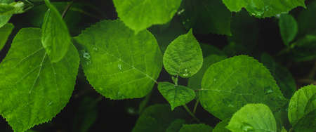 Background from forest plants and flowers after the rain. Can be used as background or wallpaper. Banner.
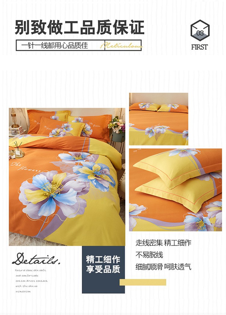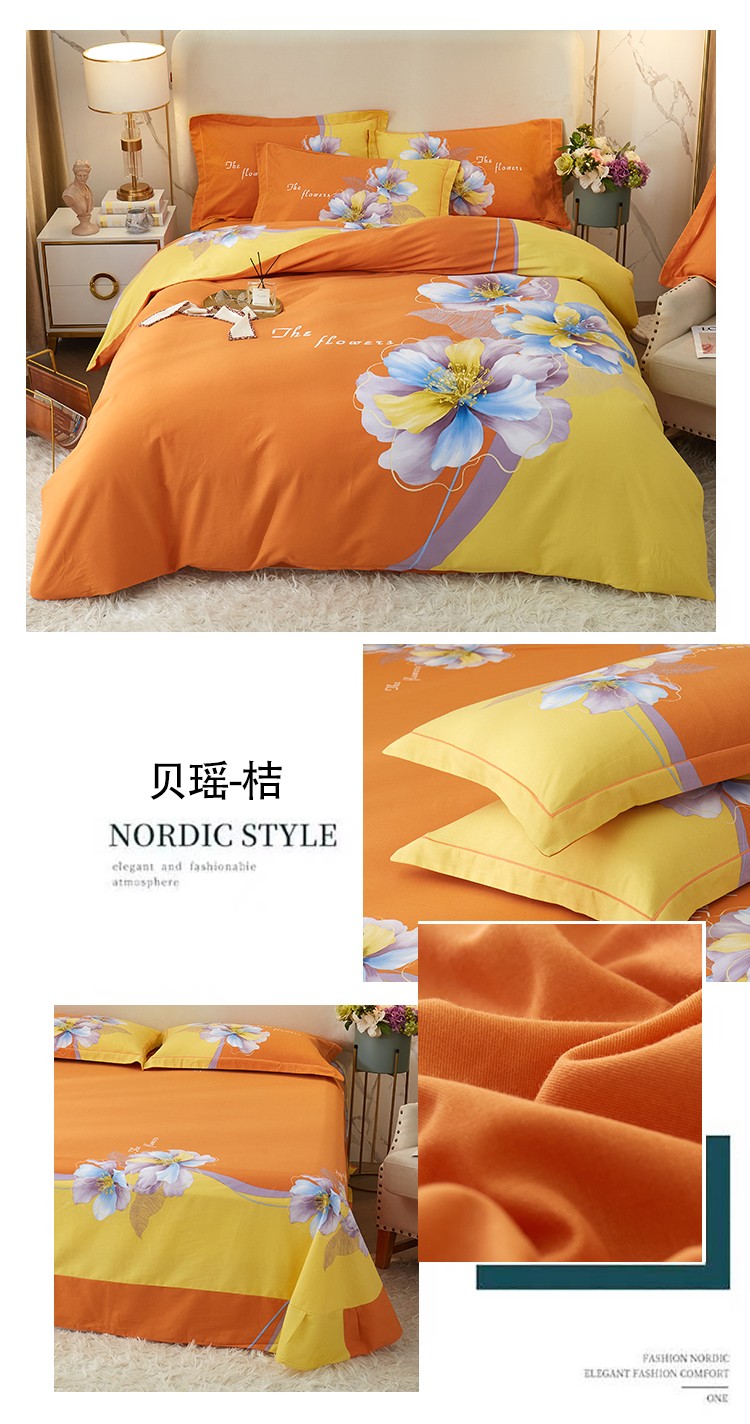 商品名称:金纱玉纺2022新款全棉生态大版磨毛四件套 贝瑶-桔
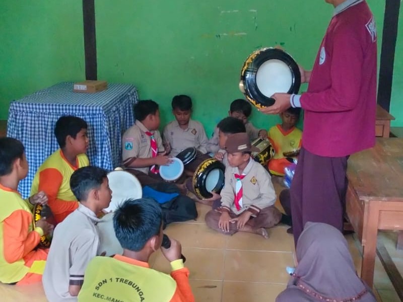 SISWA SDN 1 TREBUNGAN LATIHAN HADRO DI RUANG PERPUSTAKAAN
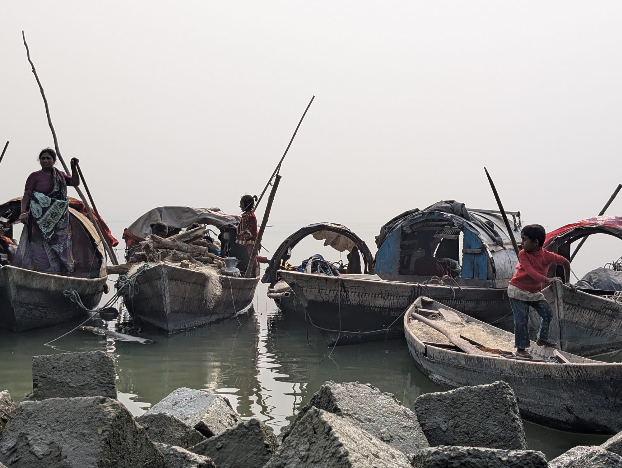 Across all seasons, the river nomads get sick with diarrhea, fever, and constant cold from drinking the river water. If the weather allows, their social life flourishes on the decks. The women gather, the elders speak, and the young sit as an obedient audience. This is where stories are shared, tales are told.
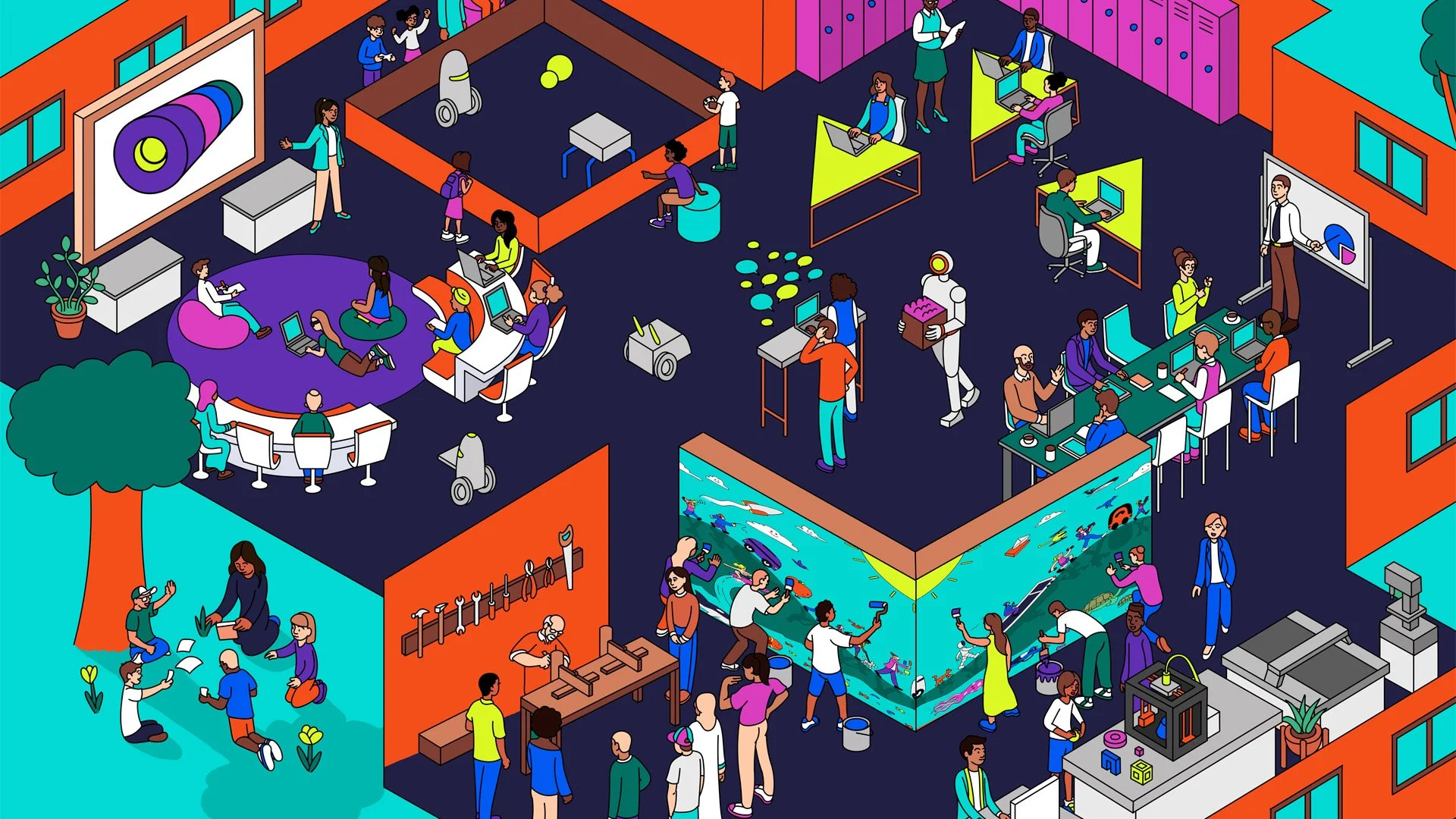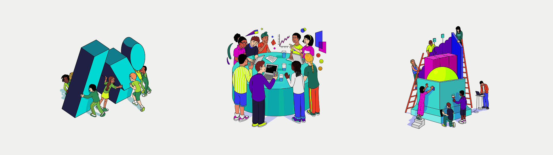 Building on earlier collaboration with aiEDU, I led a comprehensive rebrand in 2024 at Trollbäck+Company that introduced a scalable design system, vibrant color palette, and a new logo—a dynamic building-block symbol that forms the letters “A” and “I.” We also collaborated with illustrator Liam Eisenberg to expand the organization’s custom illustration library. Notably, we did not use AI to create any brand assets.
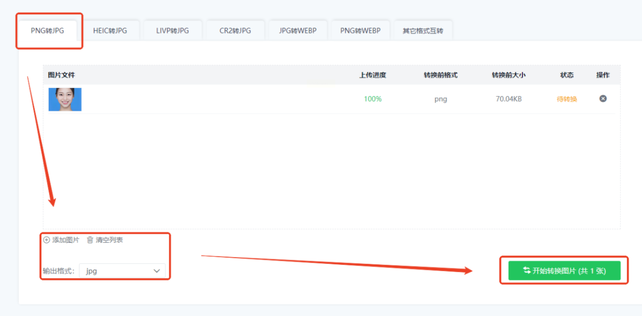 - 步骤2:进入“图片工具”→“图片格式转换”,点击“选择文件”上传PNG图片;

○ ○ ○

* **Instructions to follow**
Restate word for word only the lines from the one with "Building on earlier" through the last line of the material, both included. Any picture should be left out.

* **Answer to this problem**
 Building on earlier collaboration with aiEDU, I led a comprehensive rebrand in 2024 at Trollbäck+Company that introduced a scalable design system, vibrant color palette, and a new logo—a dynamic building-block symbol that forms the letters “A” and “I.” We also collaborated with illustrator Liam Eisenberg to expand the organization’s custom illustration library. Notably, we did not use AI to create any brand assets.
 - 步骤2:进入“图片工具”→“图片格式转换”,点击“选择文件”上传PNG图片;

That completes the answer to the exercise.